Grace Hamilton

Personal information
- Born: 4 March 1992 (age 33) Orange, New South Wales, Australia
- Height: 177 cm (5 ft 10 in)
- Weight: 77 kg (12 st 2 lb)

Playing information

Rugby union
- Position: Flanker
Club
| Years | Team | Pld | T | G | FG | P |
| 2018– | NSW Waratahs | 14 | 8 | 0 | 0 | 40 |
Representative
| Years | Team | Pld | T | G | FG | P |
| 2016–19 | Australia | 26 | 0 | 0 | 0 | 0 |

Rugby league
- Position: Prop
Club
| Years | Team | Pld | T | G | FG | P |
| 2020–23 | Sydney Roosters | 10 | 0 | 0 | 0 | 0 |
- Source: RLP As of 28 February 2026

= Grace Hamilton (rugby) =

Australian rugby union and rugby league footballer

Grace Hamilton (born 4 March 1992) is an Australian rugby union and rugby league footballer who captained Australia internationally, and the NSW Waratahs in the Super W. She competed at the 2017 and 2021 Rugby World Cup's. She is currently in the St George Illawarra Dragons squad in the NRL Women's Premiership.

==Background==
Hamilton was born in Orange, New South Wales and raised in Panuara. She began playing rugby union as a university exchange student in the United States.

==Rugby union career==
In 2014, Hamilton played for the ACT Brumbies and the University of Sydney. In 2016, Hamilton made her Test debut for Australia on their tour of New Zealand.

In 2017, Hamilton represented Australia at the 2017 Women's Rugby World Cup in Ireland, where Australia finished in sixth place.

In 2018, Hamilton was a member of the NSW Waratahs inaugural Super W-winning squad, starting in their final win over the Queensland Reds. She was later a member of the Waratahs' victorious 2019 and 2020 Super W sides.

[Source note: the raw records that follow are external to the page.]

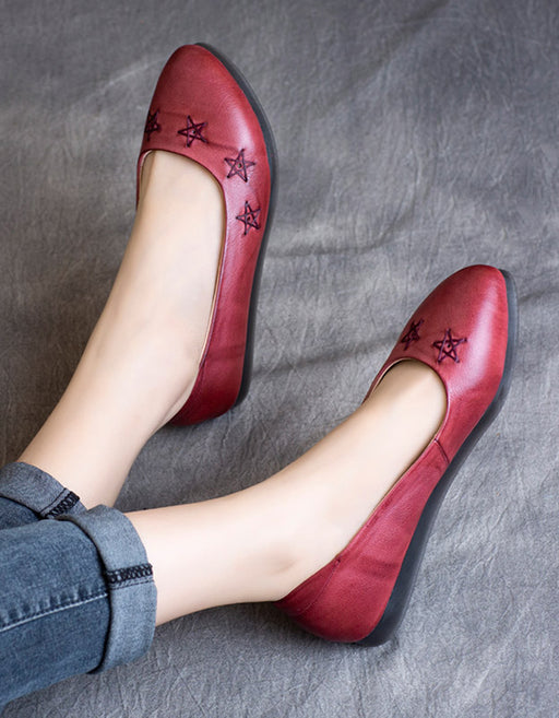 Escarpins plats rétro à bout pointu découpés en cuir véritable
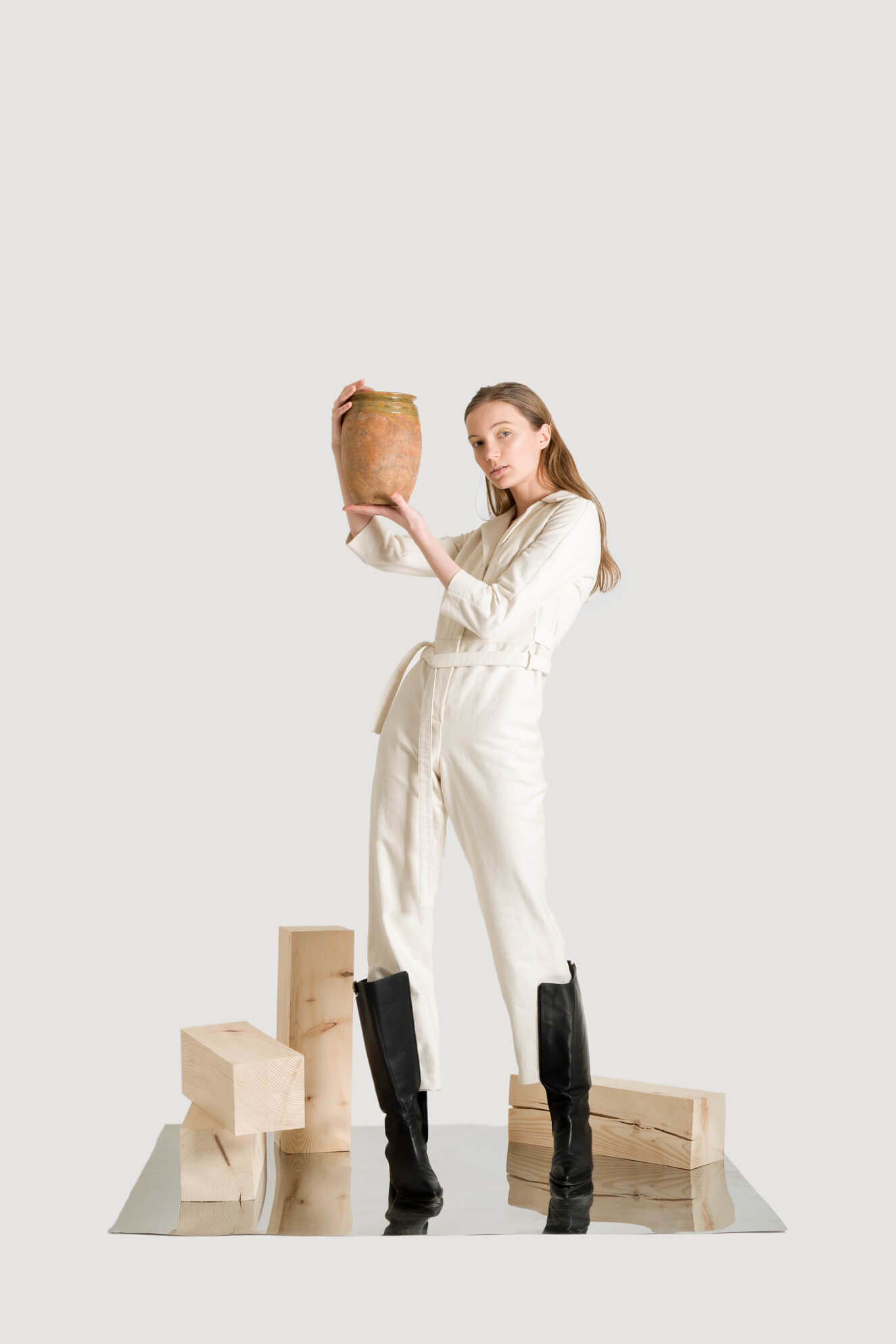 The photo session combines the textures that inspired our collection – metal and untreated wood. One of the key objects was a clay vase with a rough surface and peeling paint.”
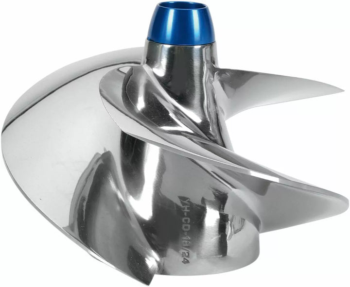 Il passo variabile offre sia coppia a bassa velocità che alta velocità in una girante, il sigillo acquatico esclusivo del mozzo mantiene le cose cattive fuori da parti preziose, migliora la manovrabilità a tutta gamma senza slittamento in collegio d'acqua, acciaio inossidabile costruito. Vedi le colonne appropriati in tabella., La girante in basso è consigliata per applicazioni ad alta quota, tiri o freestyle. Il tono della girante è determinato dal casting, non dalla flessione.

Hamilton was named in Australia's squad for the 2022 Pacific Four Series in New Zealand. She later made the Wallaroos squad for a two-test series against the Black Ferns at the Laurie O'Reilly Cup. She was selected in the team again for the delayed 2022 Rugby World Cup in New Zealand.

Hamilton made the Wallaroos side for the 2023 Pacific Four Series, and the O'Reilly Cup.

== Rugby league career ==
On 23 September 2020, due to the cancellation of a number of rugby union Tests due to the COVID-19 pandemic, Hamilton switched to rugby league, joining the Sydney Roosters NRL Women's Premiership team.

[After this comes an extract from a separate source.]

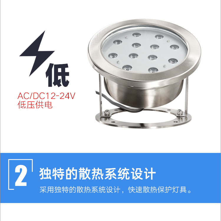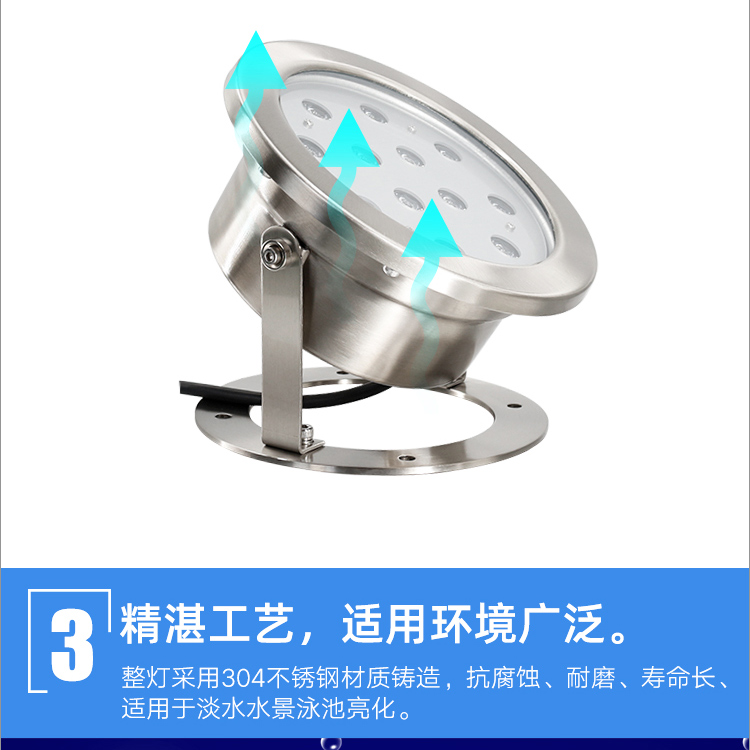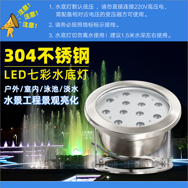 led水底灯 rgb七彩变色不锈钢 喷泉灯 水景亮化水下射灯
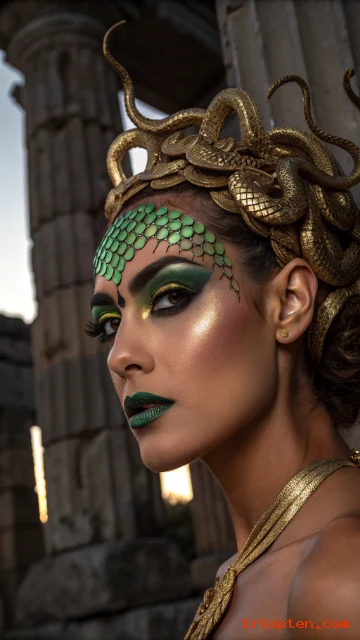 Medusa makeup turns you into a myth brought to life. Start with a bronzed base and strong contour to carve sharp cheekbones.

In Round 2 of the 2020 NRL Women's season, she made her debut for the Roosters in a 22–12 win over the New Zealand Warriors. On 25 October 2020, she came off the bench in the Roosters' 10–20 Grand Final loss to the Brisbane Broncos.

She joined St. George Illawarra Dragons at the start of the 2025 season on a one-year deal, and was released at the end of the season.